White Rage Book Review

“This is how we begin to defuse the power of white rage. It is time to move into that future. It is a future where the right to vote is unfettered by discriminatory restrictions that prevent millions of American citizens from having any say in their own government.”
Title: White Rage: The Unspoken Truth of Our Racial Divide
Author: Carol Anderson
Type: Non-fiction
Published: 2016
Pages: 178
TW: Graphic description of murder, lynching, torture, death, rape, racism,

Books like these are so vital in our education and it’s so important to not only read them, but walk away questioning things too. The point of this book isn’t to invoke anger – it’s to invoke change. Anderson’s contribution to this movement is a perfect book to read regardless of your previous understanding of Black history; even if you consider yourself ‘woke’ and feel you’re educated, keep going, read this and all the other books too and stay informed always!
8.3Informative, Powerful, Exhaustive
I took my time with this book as the subject matter is heavy, and while it was clearly exhaustively researched and therefore very informative, there’s a lot of jargon and political history which made it quite a lot to digest. That being said, everything was very relevant and helped build Anderson’s points well, so while all very necessary, take your time reading it!
For me the most striking parts of the book was the more modern sections as I’ve lived through them so had a better understanding of them. From gerrymandering to preventing ex-convicts from casting a ballot, spelling mistakes and asking for specific forms of ID, the lengths taken to ensure that Donald Trump and his administration went to in order to be elected was astonishing. What’s clear from Anderson’s words are that this effort shouldn’t be surprising – it’s been happening in one form or another for hundreds of years.

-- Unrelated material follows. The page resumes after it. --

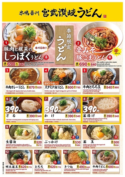 我們與位於香川縣丸龜市的歷史悠久的麵條製造商宮武Miyatake Sanukiseimenjyo合作,使用該麵廠的麵團在店內製作麵條。我們供應正宗的讚岐烏龍麵,麵條在特製的大鍋中煮製,湯底是用瀨戶內海的干沙丁魚和海帶熬製而成,味道鮮美。

White Rage is the exploration of the African American experience in the USA. Author Carol Anderson takes the reader through history, from the abolition of slavery to the first Black president of the USA. The book explores the advancement of Black rights and pulls into question moments in history where ‘white rage’ prevents this progress.

Review overview




Anderson’s words and research really speak for themselves, and one of the most poignant passages for me reminded me of reading Narrative of the Life of Fredrick Douglass and his emphasis on the importance of education: “Since the days of enslavement, African Americans have fought to gain access to quality education. Education can be transformative. It reshapes the health outcomes of a people; it breaks the cycle of poverty; it improves housing conditions; it raises the standard of living. Perhaps, most meaningfully, educational attainment significantly increases voter participation. In short, education strengthens a democracy.” Her powerful words really are a call to arms to incite change.